Economic growth has slowed down sharply in the USA with consumer spending at its weakest level in two years. Growth in the USA was 0.4% between January and June 2011 with the USA’s economy growing at an annual rate of just 1.3% between April and June compared with 2.3% for the last quarter of 2010. Also the total loss of economic output in the 2007-2009 recession is now thought to have been 4.1%.This data has caused shares to fall with the Dow Jones falling by 130 points and the FTSE 100 index down 84 points to 5789.
Nick Parsons head of research UK and Europe and global of FX National Australia Bank says ‘‘It is hard to conclude other than that the US economy is in deep trouble’’ with ‘‘A very weak labour market, falling real incomes and house prices are hardly the basis for a sharp pickup in growth through the summer months and when a compromise agreement over the debt ceiling is finally reached, it is sure to contain measures to reduce the growth of government spending’’. Economists have said the data could prompt the Federal Reserve to restart its Quantitative Easing (QE) programme to put more money into the economy.
James Knightley Senior Economist at ING has said ‘‘the recession was deeper and started earlier than previously thought.
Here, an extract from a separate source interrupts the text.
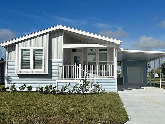 This beautiful Palm Harbor ""Summer Breeze"" has 2 bedrooms, 2 bathrooms and a den! The living room/dining room area is huge with a beautiful open kitchen and free standing counter. The main bedroom has a private deck overlooking the lake and the en suite bathroom is exquisite in its finish. The second bedroom is quite sizable as is the den. The long driveway (with covered carport) leads to a good size shed with steps leading to a utility room entrance. This home is a must-see! Leased land. Furniture package shown in home is available for purchase.
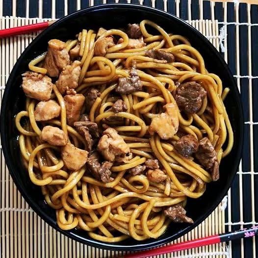 Yakisoba! Macarrão ao ponto, legumes crocantes e frango e carne macios, tudo envolvido em um molho especial. Aproximadamente 500g

This further reduces the prospect of any Fed policy tightening and offers some support to those arguing the case for QE3’’, the USA’s economy contracted by 0.3% in 2008 and in 2009 by 3.5%, if the current rate of unemployment of 9.2% is to be reduced the USA needs a growth rate of at least 2.5%.‘‘At the time, we were thinking that the numbers weren't as bad as what we seeing’’. Carl Riccadonna an economist at Deutsche Bank in New York says ‘‘Now we know that the recession was deeper than we thought’’ the contraction in real terms was 5.1%.